For me elegance, simplicity, and correctness are inextricably entwingled.  A notion I’ve been recently introduced to is that the best code is the code “shortest proof of correctness”, but what does that even mean?

Well, for one thing it means that code in which you can apply local reasoning to demonstrate correctness is superior to code in which you must appeal to many broader factors about how the code is combined in some larger context to demonstrate the same.

But already I’m ahead of myself, what do we mean by correctness?  In an academic context one might appeal to some formal statement of given conditions and expected results, but the thing is that process is so very artificial.  In some sense creating those statements is actually the hard part of a professional programmer’s work.

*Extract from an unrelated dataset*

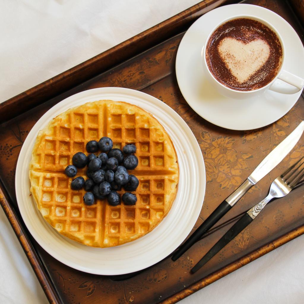 Wallpaper Cappuccino in a cup on a tray with waffles and blueberries

So, in a very real way, putting aside any academic aspirations, or great theories, just as a practiced coder trying to do his/her job, the first thing you must do if you want to be successful is to describe what it is you intend to do in some reasonable way, and why that is right.  It doesn’t have to be fancy, but it’s essential.  In Test Driven Development we say “write a test that fails” which is another way of saying “describe some correct behavior that isn’t yet implemented and do so with code in the form of a unit test”, but the essential idea is to describe your intent clearly.  It's essential because the best you can ever hope to do as far as correctness goes is to demonstrate that the code is working as you intended.

It’s funny that I sort of had to re-learn this over the years.  When I first started coding I didn’t even own a computer so I would make my plans in a notebook.  In my sometimes not-so-little books I would describe what I wanted to do, and even code up things in writing and cross them out and so forth.  I had to do this because there was no computer to tempt me to just “bang out the code” and fix it; thinking about the problem was a necessary pre-step.  When my friends asked me how I went about writing programs I always said, “Well, first you make a plan”.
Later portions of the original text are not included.